◆ **WORK INSTRUCTIONS**
Pictures stay out; everything else in the listing below is to be restated word for word.

=== THE DATA ===

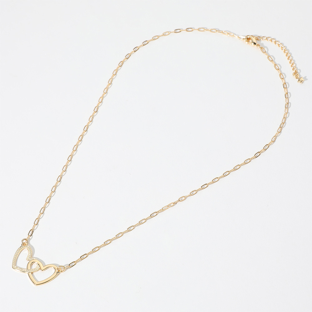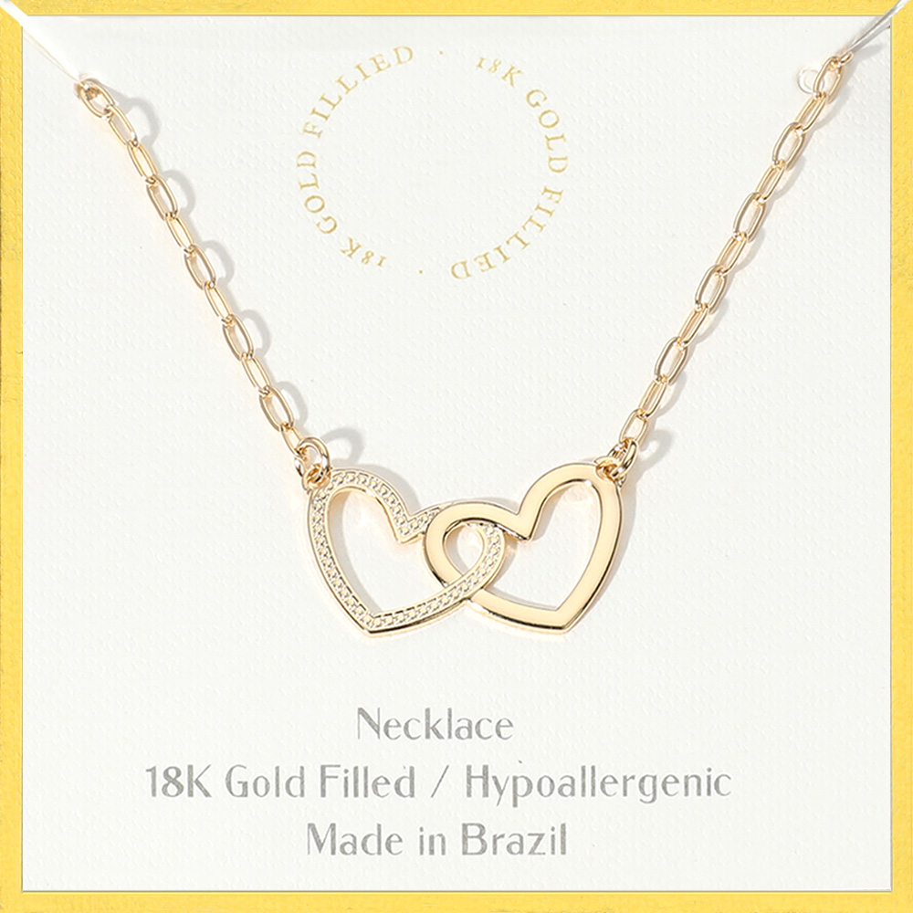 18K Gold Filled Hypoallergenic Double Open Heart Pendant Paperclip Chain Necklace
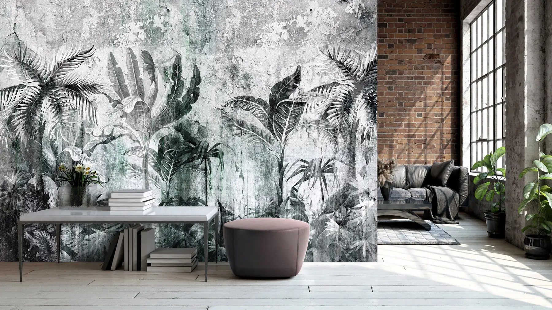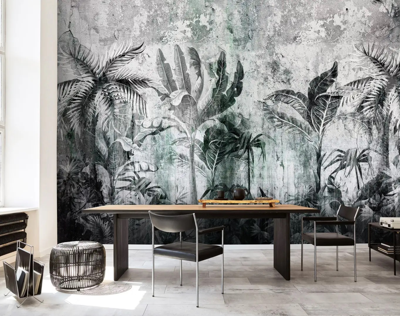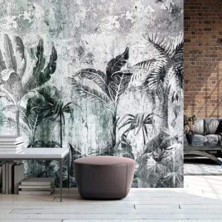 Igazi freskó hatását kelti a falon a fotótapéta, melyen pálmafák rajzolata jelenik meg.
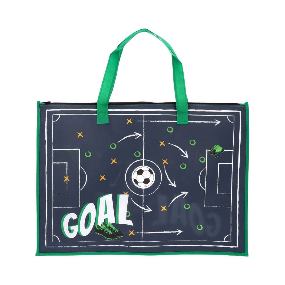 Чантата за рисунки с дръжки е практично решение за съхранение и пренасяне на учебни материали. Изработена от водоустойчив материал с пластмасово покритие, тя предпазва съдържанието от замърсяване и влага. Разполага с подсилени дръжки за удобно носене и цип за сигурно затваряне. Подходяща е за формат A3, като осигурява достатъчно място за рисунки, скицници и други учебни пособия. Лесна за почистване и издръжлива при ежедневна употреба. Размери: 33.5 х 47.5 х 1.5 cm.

===

◆ **TASK ANSWER**
 18K Gold Filled Hypoallergenic Double Open Heart Pendant Paperclip Chain Necklace
 Igazi freskó hatását kelti a falon a fotótapéta, melyen pálmafák rajzolata jelenik meg.
 Чантата за рисунки с дръжки е практично решение за съхранение и пренасяне на учебни материали. Изработена от водоустойчив материал с пластмасово покритие, тя предпазва съдържанието от замърсяване и влага. Разполага с подсилени дръжки за удобно носене и цип за сигурно затваряне. Подходяща е за формат A3, като осигурява достатъчно място за рисунки, скицници и други учебни пособия. Лесна за почистване и издръжлива при ежедневна употреба. Размери: 33.5 х 47.5 х 1.5 cm.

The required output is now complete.